Halpern went on to describe how one woman, Dinisha, used writing to cope with the traumatic living situation at the facility. She composed "Poetry as Resistance" during a time when prisoners were forced to ingest a medication that is primarily used for animals. In the piece, she expresses that collaborating on poems with the other women of Writer's Bloc not only helped her grieve but created "a bond greater than the circumstance, giving a voice to inhumane treatment."

The solidarity built through poetry was a prominent theme throughout the night. Speakers also emphasized the extent of the inhumane treatment that prisoners faced. Adam Malinowski, a volunteer Writer's Bloc facilitator, described a week-long quarantine that was enforced in January of this year. Visitors were prohibited and prisoners were forced to remain in their cells and hand over their belongings. According to Malinowski, the women were told that all this was being done to treat and prevent a "mystery rash" that had been spreading within the facility. Anyone who refused the forced administration of medication was threatened with 90 days of solitary confinement. Despite being told that the quarantine was a medical precaution, prisoners continued to live in unhealthy conditions, with brown water dripping from the faucets and black mold growing in the showers.
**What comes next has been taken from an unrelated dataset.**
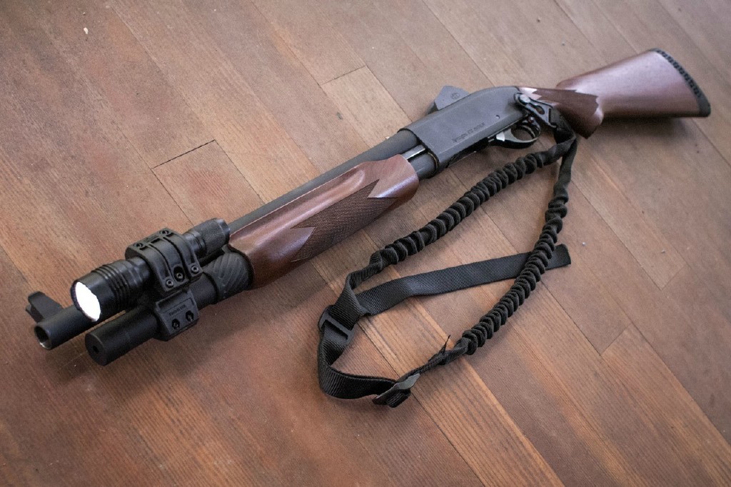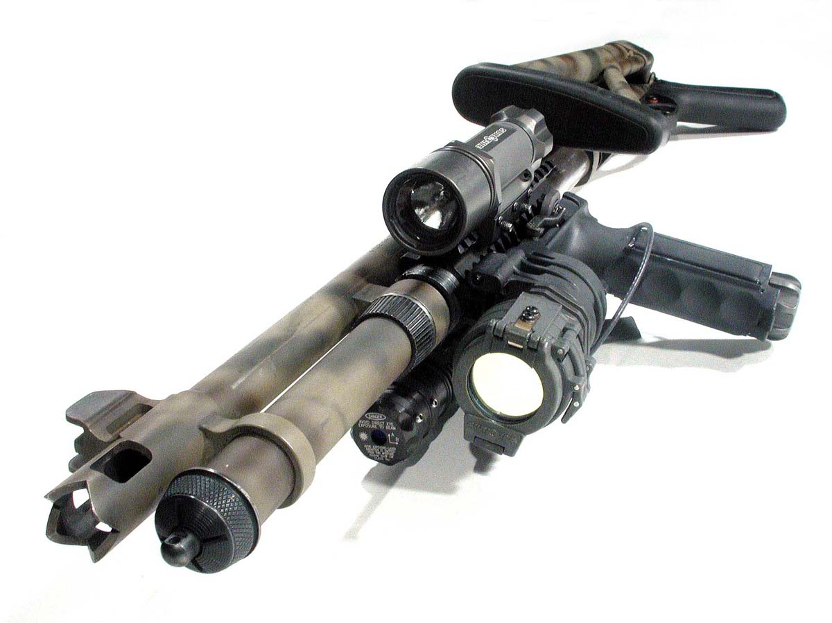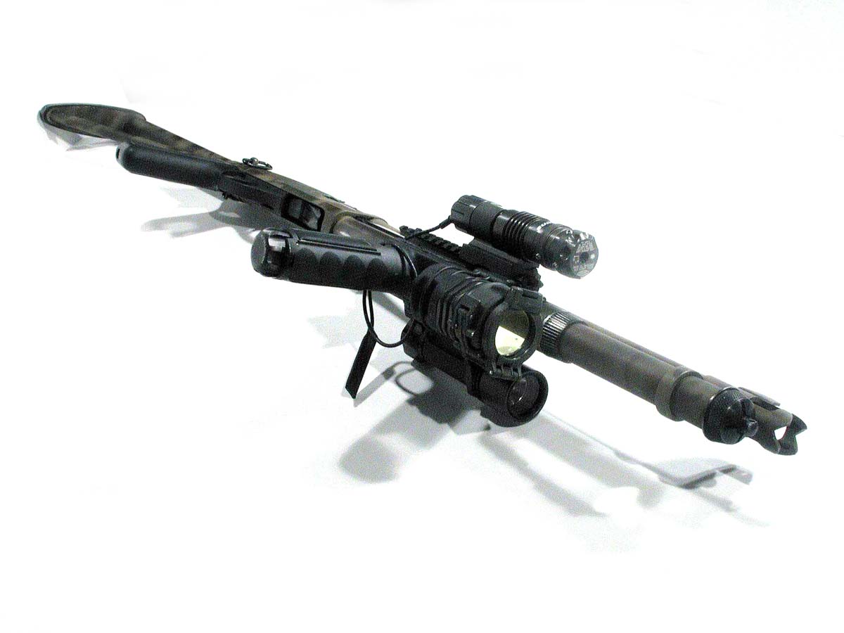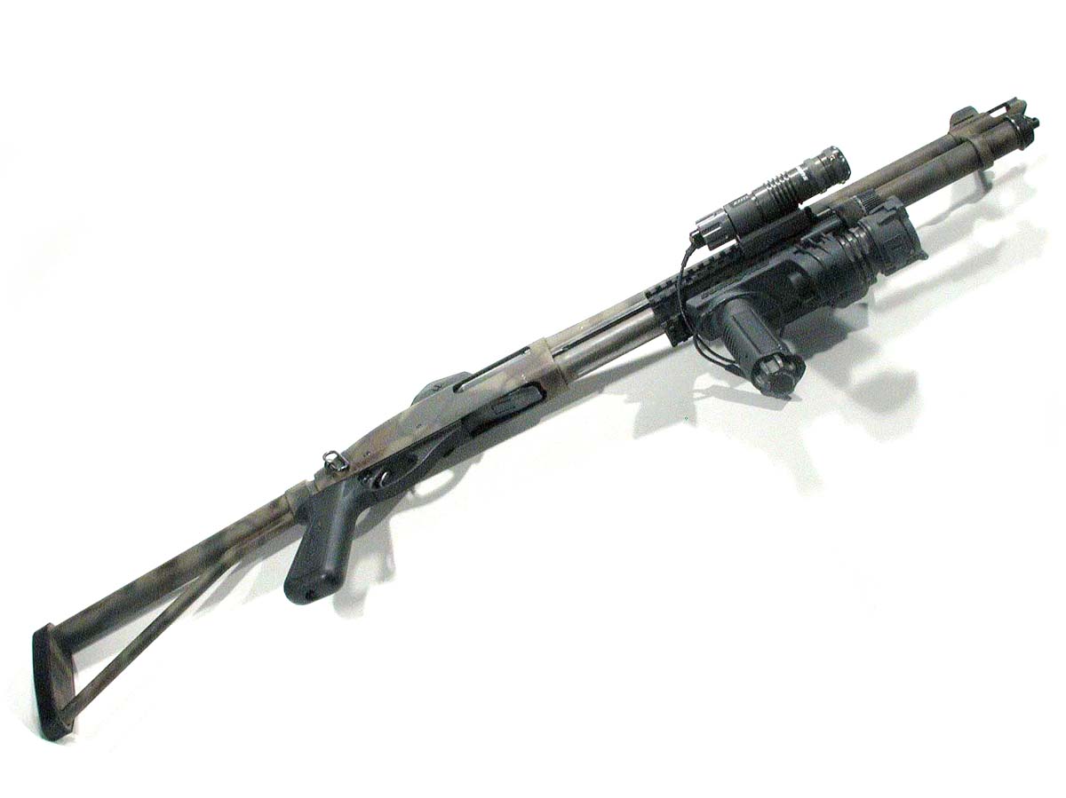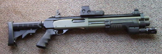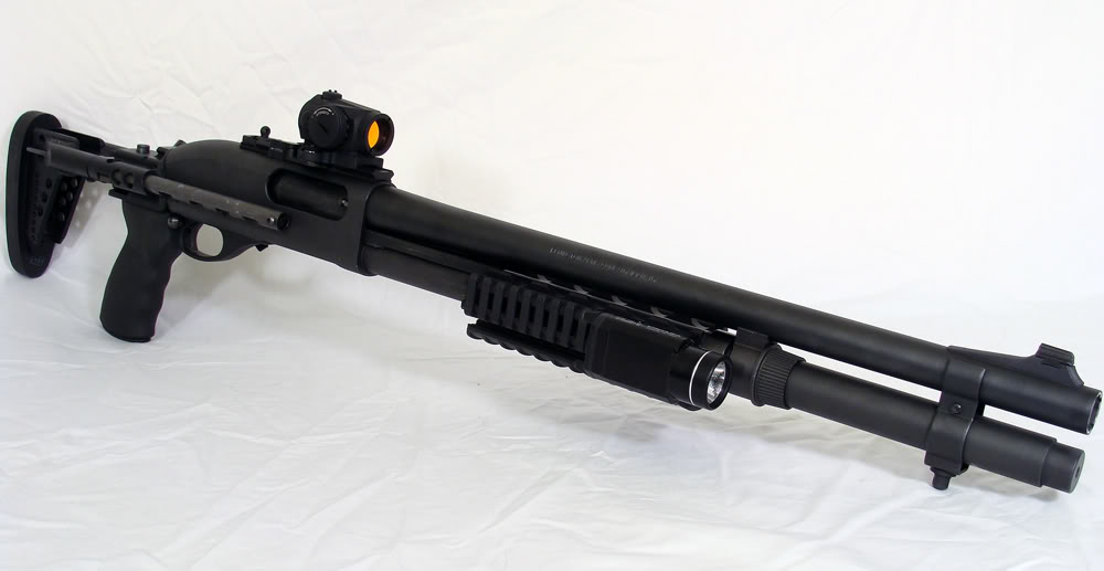 ![]() 战术灯夹在枪管旁边的雷明顿870 |

In response to the situation, Writer's Bloc participants collaborated on a poem titled "After the Quarantine: A Communiqué from the Women's Huron Valley Correctional Facility.” The four-stanza piece reflects fear and ange—"Words cannot change that we are not sufficiently human enough to warrant effective treatment since, to the world, we are humans." But in the midst of mostly mournful stanzas, some lines echo solidarity and hope—"Heave your chest in the direction of coming together at just the right moment, seizing power in the palm of our hands."

Jennifer Harding, perhaps the most memorable speaker of the night, read several of the poems that she composed during the 13 months she spent in the correctional facility. "It was what nightmares are made of," she said of her time there. While in incarceration, she was a mother, a sexual assault victim, a recovering drug abuser and in the process of a divorce. Harding didn't go into detail about how she was treated at the facility but stated that, "Animals at the shelter get treated better." Poetry served as her escape. "When I say the poetry workshop really helped me find closure on some, obviously, pretty traumatic issues, I mean that," she said. "I don’t have nightmares anymore."
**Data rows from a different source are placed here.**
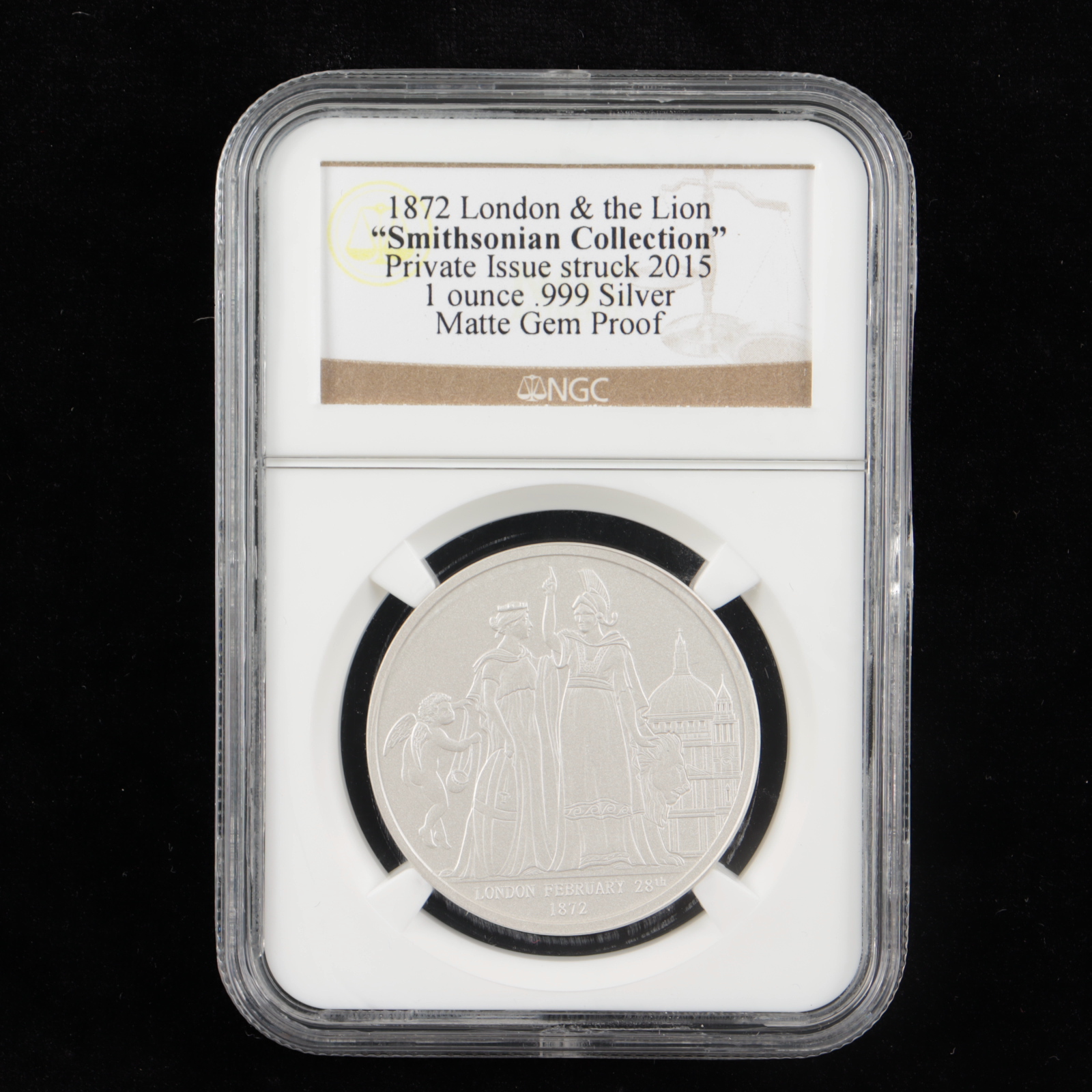 2015 "Smithsonian Collection" 1872 London & the Lion 1 Ounce .999 Fine Silver Coin (NGC Matte Gem Proof)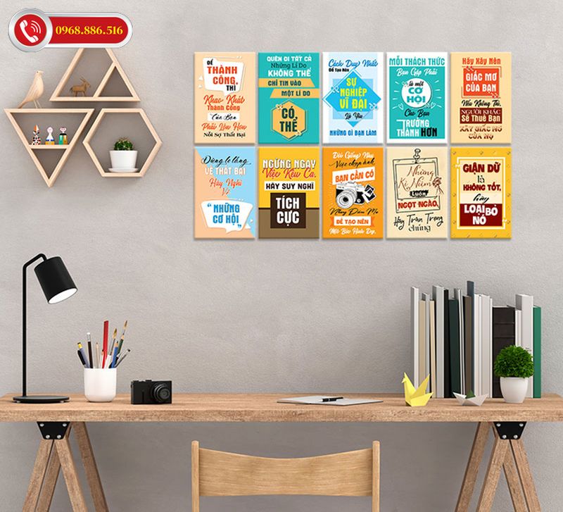 Ngoài ra, việc trang trí bằng tranh ảnh, hoa văn hoặc các đồ vật có hình dẹt được khắc họa theo hình dạng kim cương cũng là những ý tưởng thú vị. Những hình dạng này không chỉ mang lại vẻ đẹp tinh tế mà còn góp phần tăng cường năng lượng lạc quan cho góc làm việc.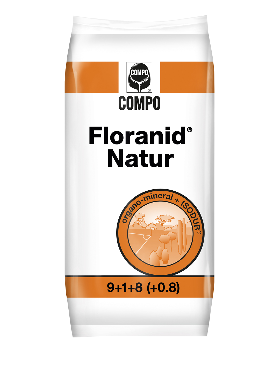 Mit Floranid® Natur stellt COMPO EXPERT dem Garten- und Landschaftsbau sowie dem Öffentlichen Grün einen neuen granulierten organisch-mineralischen Langzeitdünger für Rasen, Sträucher und Blumenbeete zur Verfügung. Floranid® Natur bietet durch ISODUR®-Langzeitstickstoff und einen hohen Anteil organischer Substanz eine doppelte Wirkung: Einerseits wird die langfristige Versorgung der Pflanzen mit Nährstoffen gesichert, andererseits werden durch die Bereitstellung von stabilen Humusbestandteilen die Bodenfruchtbarkeit verbessert und das Bodenleben gefördert.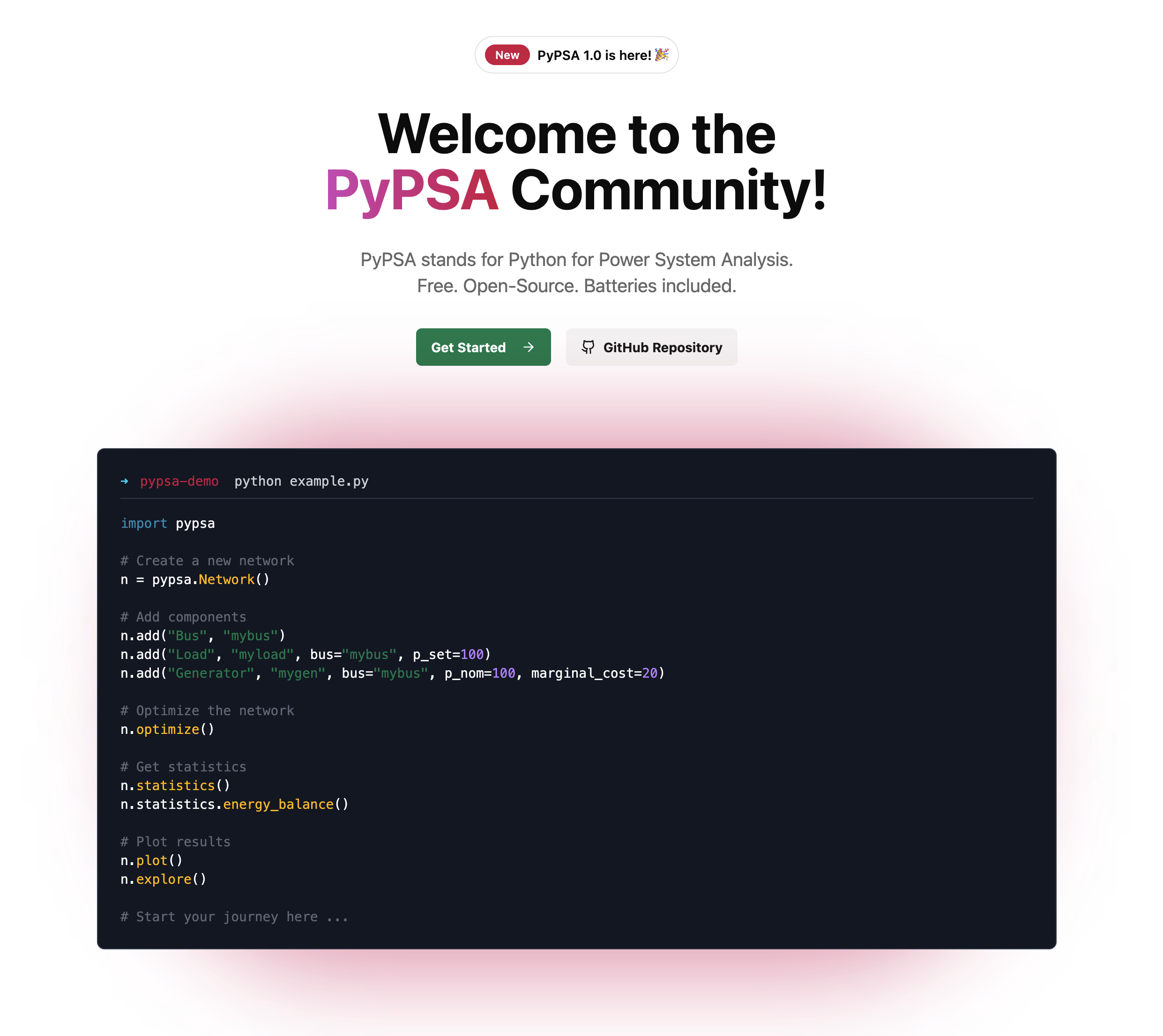 After contributions from 200+ people across ~1400 issues in ~5000 commits, weβre excited to announce PyPSA v1.0! This milestone release brings major new features, completely new documentation, and a fresh landing page.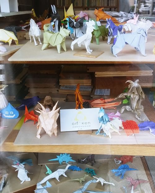 通り沿いには棚を置いていて、昔は模型をずらっと並べてたんだけど、折り紙たちにとって変わられた。よく通りがかりの子どもたちが見ている。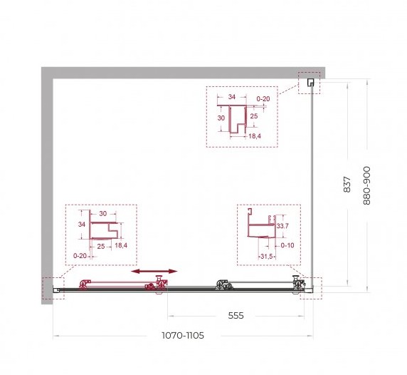 Цвет профиля: хром (Cr), матовый черный (NERO), Сатин (IN)

When the floor was opened for a Q&A session at the end of the night, one student in the front row offered a word of thanks to the facilitators and poets who shared their stories. "It's easy to bury these things that are hard to talk about," said first year psychology student Coreena Forstner. She believes the Writer's Bloc, "brings humanization out of such a dehumanizing environment."
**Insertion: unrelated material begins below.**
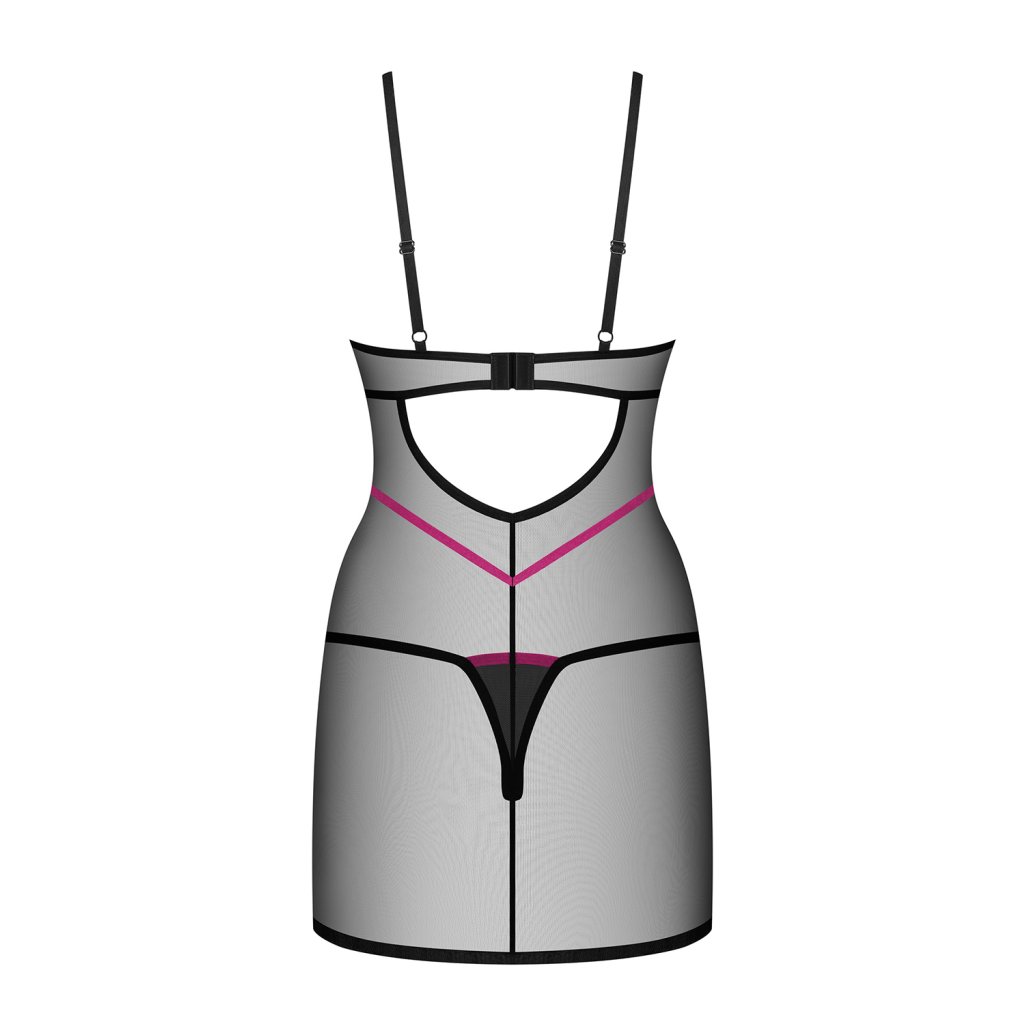 Sexy černá košilka . nastavitelná, neodepínatelná ramínka měkké košíčky zapínání na háček a očko vzadu vzadu hluboký výstřih vypasovaný střih ozdobné fialové pruhy výstřih zdobí lesklé zdobení s černými zirkony sada obsahuje tanga s tenkými ramínky košilka je vyrobena z elastické síťoviny Složení: 94% polyamid, 6% elastan.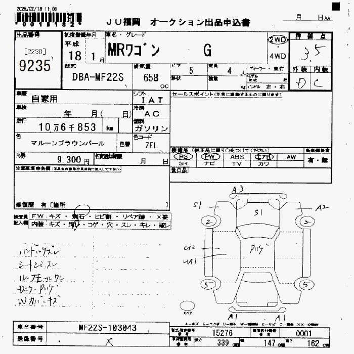 Статус выставлен на аукцион Лот 9235 Аукцион JU Fukuoka Дата аукциона 13.03.2026

Between Forstner and those students who approached Harding at the end of the night, many found the discussion to be eye-opening.

Sophomore Music Therapy student Nichol Sayer, has been to other Star Lectures in years past but felt that this one stood out because of the format and content. "I think that sometimes, the Star Lectures can sound kind of boring but this one [was] exciting and it [was] interesting," she said. She went on to say that while the Women's Huron Valley Correctional Facility is just 20 minutes from campus, students never hear of what happens there. "We don’t really talk about prisons, so that narrative is unique."

Harding herself was moved by the experience, as well. "I think when you go to prison, when you [are incarcerated], you have this overwhelming sense of ‘What is this doing? What is this for? What good is going to come out of this?’" she said. "In my case, I was super lucky, because this [discussion] came out of this."